Los niños de entre siete y doce años parecen inclinados de forma natural a sentir empatía hacia el dolor ajeno, según un estudio mediante imágenes de resonancia magnética funcional realizado por investigadores de la Universidad de Chicago en Estados Unidos que se publica en la revista 'Neuropsychologia'.
MADRID, 11 (EUROPA PRESS)
Los niños de entre siete y doce años parecen inclinados de forma natural a sentir empatía hacia el dolor ajeno, según un estudio mediante imágenes de resonancia magnética funcional realizado por investigadores de la Universidad de Chicago en Estados Unidos que se publica en la revista 'Neuropsychologia'.
Las respuestas de los escáneres de resonancia magnética funcional (IRMf) eran similares a los de los estudios en adultos. Los investigadores descubrieron que, como los adultos, los menores muestran respuestas ante el dolor en las mismas áreas del cerebro. La investigación también descubrió aspectos adicionales del cerebro activados en los niños, cuando los chicos veían que una persona era lastimada de forma intencionada por otra persona.

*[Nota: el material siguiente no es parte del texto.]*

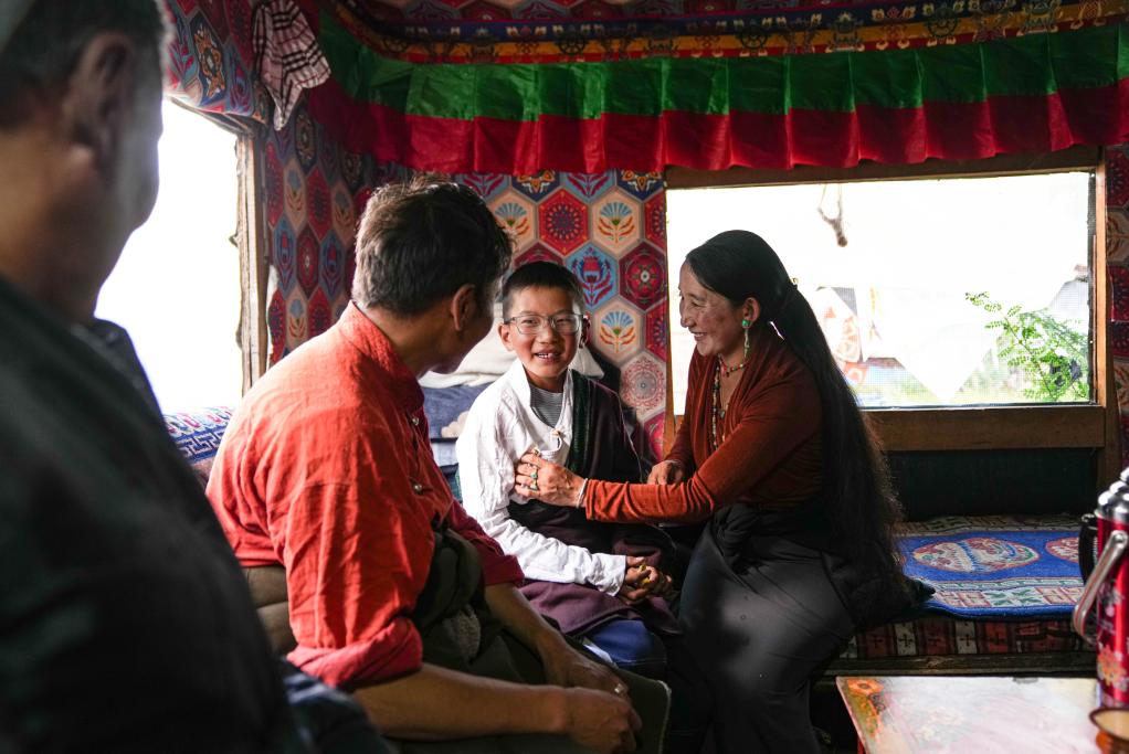 在夏季牧場的房子里,貢喬熱旦的母親阿吉(右一)整理兒子的藏裝(9月4日攝)。新華社記者 晉美多吉 攝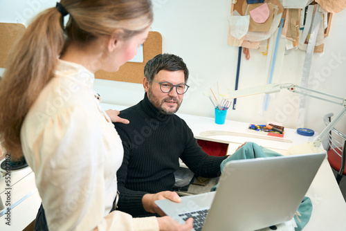 © Svitlana, Obraz premium Woman manager with laptop put her hand on shoulder man designer

Según explica Jean Decety, autor del trabajo, "este estudio es el primero en examinar en niños la respuesta neural al dolor en otros y el impacto de alguien que causa dolor a otra perona".
Decety señala que la empatía es algo que se encuentra en el cerebro normal de los niños y que no es por completo un producto de la educación de los padres o de la crianza. Comprender el papel del cerebro al responder ante el dolor puede ayudar a los investigadores a comprender cómo los defectos cerebrales influyen en conductas antisociales como el acoso escolar o 'bulling'.

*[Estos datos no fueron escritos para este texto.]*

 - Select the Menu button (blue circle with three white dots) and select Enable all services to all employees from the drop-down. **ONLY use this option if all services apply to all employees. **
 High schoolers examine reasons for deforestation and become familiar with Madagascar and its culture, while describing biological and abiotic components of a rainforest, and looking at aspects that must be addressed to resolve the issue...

Los investigadores mostraron a 17 niños de entre siete y doce años fotos animadas de personas que experimentaban dolor, ya fuera por motivos accidentales o porque alguien se lo había provocado de forma intencionada. El grupo incluía nueve niñas y ocho niños.
Mientras que los menores pasaban por los escáneres de IRMf, también observaban animaciones que utilizaban tres fotografían de dos personas de las que sólo se veía su mano o pies derechos. Las fotografías mostraban personas con dolor causado de forma accidental, como cuando se caía una bolsa pesada sobre la mano o alguien pisaba de forma accidental a la persona. También se les mostraba imágenes no referentes al dolor y animaciones en las que las personas ayudaban a alguien a aliviar su dolor.

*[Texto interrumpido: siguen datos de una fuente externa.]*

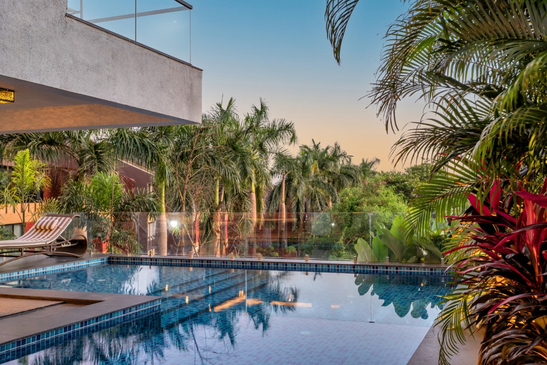 Η γοητεία της πισίνας αυτής της βίλας στη σειρά ανυψώνει τη συνολική κομψότητά της, προσφέροντας στους κατοίκους έναν μοναδικό και κομψό χώρο για να χαλαρώσουν, να αναζωογονηθούν και να αναπληρώσουν τις δυνάμεις τους. Μεγάλα παράθυρα πλαισιώνουν την πισίνα, παρέχοντας απρόσκοπτη θέα στον γαλήνιο εξωτερικό χώρο. Το σπίτι βρίσκεται πολύ κοντά στην παραλία Benaulim, είναι ιδανικό για οικογένειες, ζευγάρια και φίλους. Η κουζίνα είναι πλήρως εξοπλισμένη για να ετοιμάζουν οι επισκέπτες ελαφριά γεύματα ή για τα πιο παθιασμένα γκουρμέ γεύματα του μάγειρα.

Los escáneres mostraban que las partes del cerebro activadas cuando los adultos veían el dolor eran las mismas que en los menores.
"De forma consistente con los estudios de IRMf previos sobre empatía ante el dolor realizados en adultos, la percepción de otra persona dolorida en niños se asoció con una mayor actividad hemodinámica en los circuitos neurales que participaban en el procesamiento de la experiencia del dolor directa, incluyendo la ínsula, la corteza somatosensorial, la corteza anterior mediocingulada, el área gris periacueductual y motora suplementar", añade Decety.
Sin embargo, cuando los niños veían animaciones de alguien que era lesionado de forma intencional, las regiones del cerebro que participaban en la interacción social y el razonamiento moral también se activaban.
Según los investigadores, el estudio proporciona nuevos conocimientos sobre las percepciones de los niños sobre el bien y el mal y cómo su cerebro procesa la información. Decety señala que, aunque el estudio no entra en el juicio moral explícito, la percepción de un daño intencional sobre otra persona es probable que evoque la conciencia de maldad moral en el observador.
Entrevistas posteriores con los niños mostraron que eran conscientes de esta "maldad" en las animaciones en las que alguien era lesionado. "Trece de los niños pensaron que las situaciones eran injustas y preguntaron por la razón que podría explicar esta conducta", indica Decety.